Что ж это, что же - такое дорогое,
Счастья дороже, страдания больней,
Совести строже, приманнее покоя,
Милости Божией - Смерти - сильней?
Скорби ли лава, блаженства ли то море,
Страсти ль отрава, то бездна ли греха -
Верно и право немотствуют в затворе,
Слуги устава - подвигом стиха.
6.I.1918 («Канитель»)
Он будто бы не замечал подвига ее стиха, язвительно посмеивался над ее робостью, над тем, как внимала ему, исполняла истово все его поручения, сопровождала в небольших путешествиях. Не стал ее любовником, сделал ее Любящей. Ее тетради заполняли стихи - страстные,,полные райского огня, жаждущие истово воплощения в сердце и памяти, звучные, иносказательные, метафорически музыкальные, глубокие, певучие, песенные, как сказы из детства. Сказы матери.
Шесть дней прошло моей недели,
И день седьмой.
Кто здесь, со мною, на постели -
Немой, не мой?
Не видно глаз, не слышно речи,
Нигде, ничуть -
Но холодом сжимает плечи
И страхом грудь.
И никого, и ничего нет
Внутри кольца -
Но поцелуй бесстрастный гонит
Кровь от лица.
А, Темный Рыцарь, многих вышиб
Ты из седла -
Но твоего копья не выше б
Моя стрела!
Пойду сама, твоей навстречу -
Петле-тесьме,
И вечной памятью отвечу
Я вечной тьме.
Но темная яснее риза,
Виднее круг:
Чему мой гнев, кому мой вызов?
Со мною друг.
Ведь только с ним в пределах мира
Я не одна.
Какая царственней порфира,
Чем пелена?
И я зову: иди же зыбку
Мою качать,
И дать устам моим улыбку -
Твою печать.
15.XII.1917
Но мудрец-эстет искусно скрывал от влюбленной в него поэтессы свое истинное отношение к ней. Об этом свидетельствуют архивные разыскания М. Л. Гаспарова.

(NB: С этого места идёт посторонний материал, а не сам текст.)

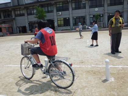 今日は自転車安全教室がありました。普段は何気なく乗っている自転車ですが,今日は安全に乗るための技術やルールを再確認しました。警察の方々や地域の方々に見守られ,子ども達は緊張した表情で取り組んでいました。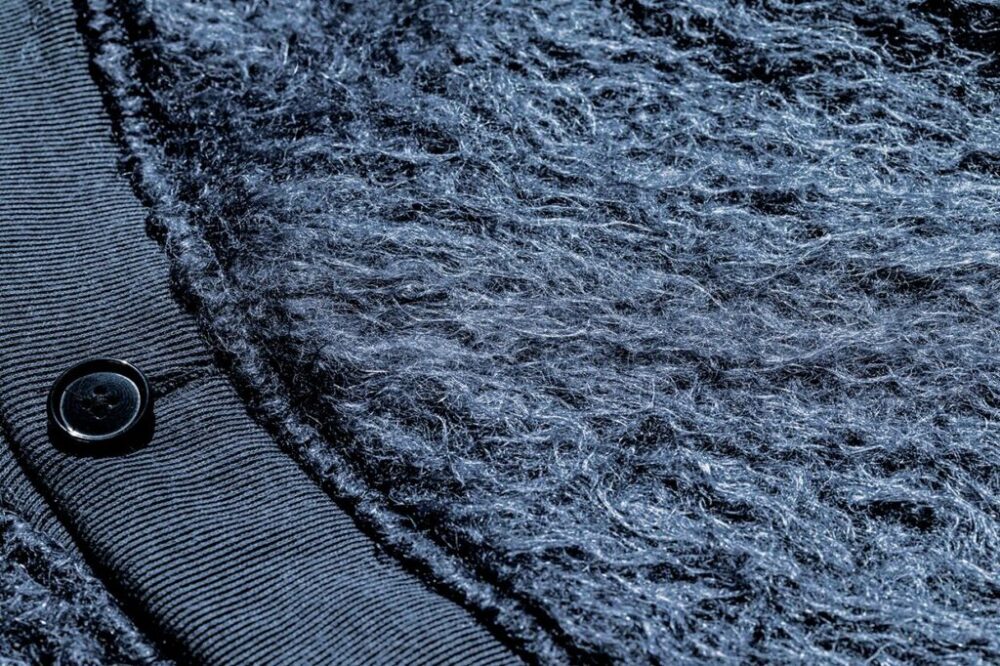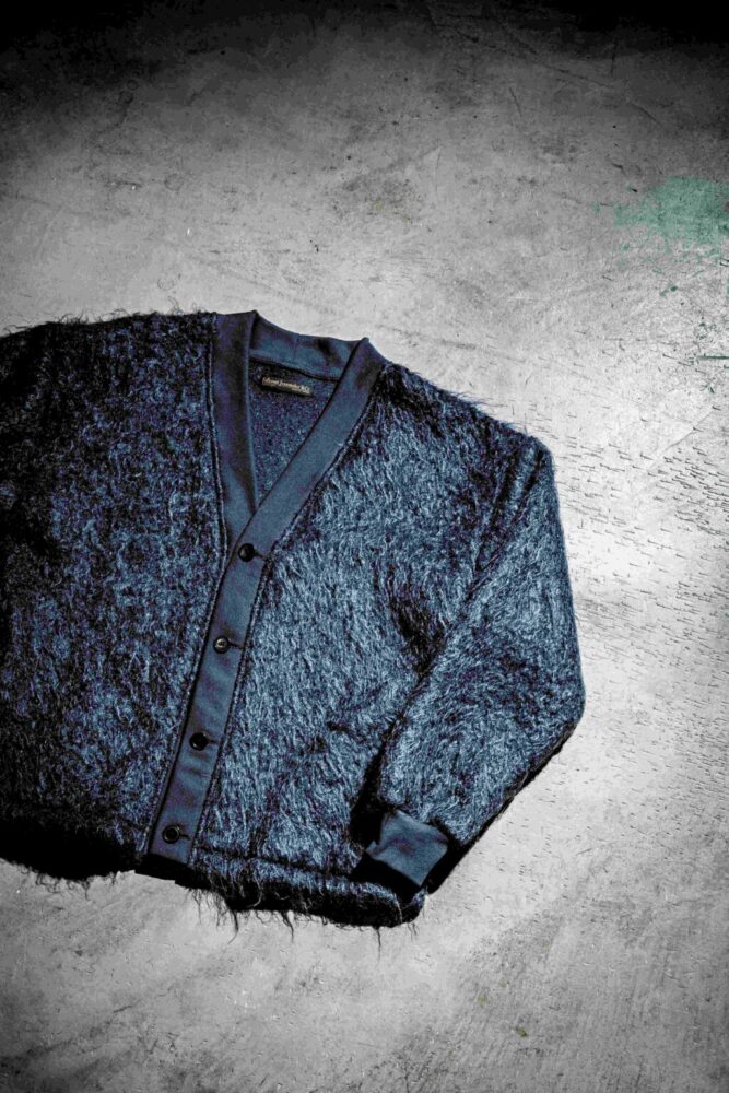 イタリアの高級モヘアを使用し、リブを部分使いしたカーディガン。毛足も長く光沢もあり上品な印象だ。天然繊維のバージンウール・モヘアは保温性も高く肌触りも良い為この冬場に重宝する。ユニセックスでフリーサイズの為着回しの良い逸品。21,780円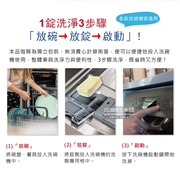 (2)將洗碗錠放入洗碗機的洗劑專用格中。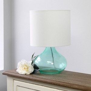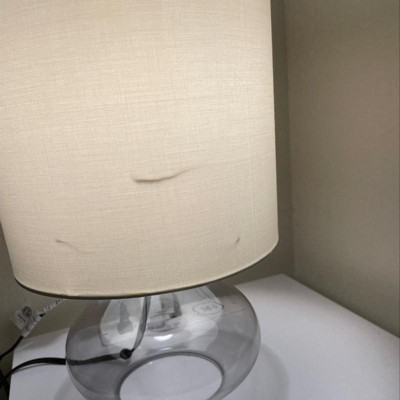 Illuminate your living space with this simple yet stylish glass 13.75" table lamp. The clear glass raindrop shaped base and gray fabric drum shade is the perfect blend of charm to give your home a contemporary and modern upgrade. Perfect for living rooms, bedrooms, kids and teens, college dorms, apartments, nurseries, or offices.

Вот что он пишет в статье о Вере Меркурьевой:
«В архиве Иванова сохранилось письмо Меркурьевой с его пометами на полях 19 декабря 1917. «…имеют ли мои стихотворения, кроме условно эстетической, какую-либо ценность общего характера - по содержанию? есть ли в них что-нибудь, кроме размышлений одного бессмертного английского школьника на тему: “мир велик, а я мал”?» Помета: «Однако с прибавлением: “но я - мир”». - «Не верю я себе, и правильно: знаю же я себя». Помета: «Верить нужно не себе, а тому, что знаешь в себе». - «Очень способна всё бросить опять, и свет замерцавший - поэзию, “и уйти поруганной и нищей и рабой последнего раба”. И отчего это Волошин не посмел или не захотел сказать: “в Сатане юродивая, ‘Русь’”?» Помета: «От Аримана ближе к Христу, чем от Люцифера: это - русское чувство».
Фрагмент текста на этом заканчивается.